━━━ COLLECTED MATERIAL ━━━

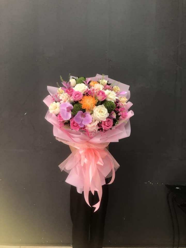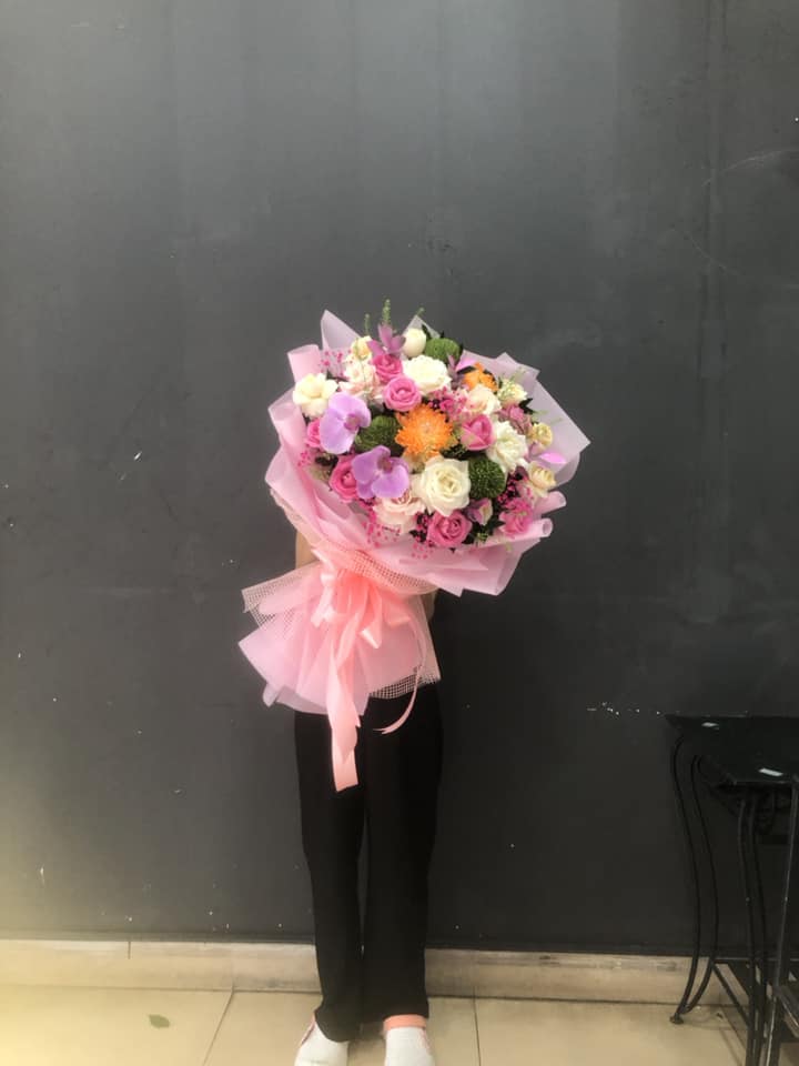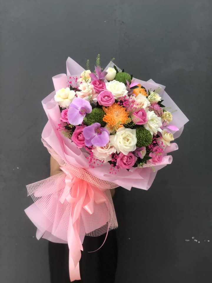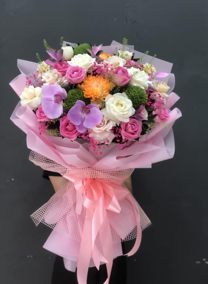 Hoa hồng được kết hợp với Lan hồ điệp, hoa cúc và hoa lá phụ tạo nên BÓ HOA HỒNG MIX LAN HỒ ĐIỆP - HB010 thật ngọt ngào nhưng không kém phần sang trọng, quý phái.
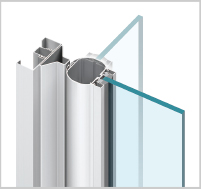中心吊ピボットヒンジを採用し、吊元側のたてかまちの形状をR型にしました。
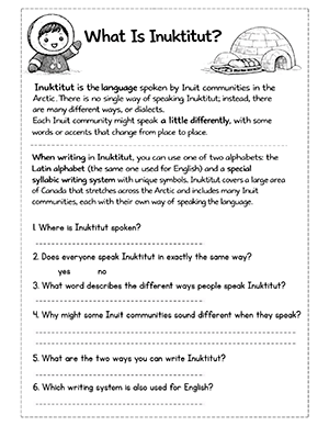of Inuktitut through reading passages, maps, and interactive questions.

━━━

:: TASK REQUIREMENTS ::
Produce the data again character for character, with the images left out.

:: ANSWER TO THIS PROBLEM ::
 Hoa hồng được kết hợp với Lan hồ điệp, hoa cúc và hoa lá phụ tạo nên BÓ HOA HỒNG MIX LAN HỒ ĐIỆP - HB010 thật ngọt ngào nhưng không kém phần sang trọng, quý phái.
中心吊ピボットヒンジを採用し、吊元側のたてかまちの形状をR型にしました。
of Inuktitut through reading passages, maps, and interactive questions.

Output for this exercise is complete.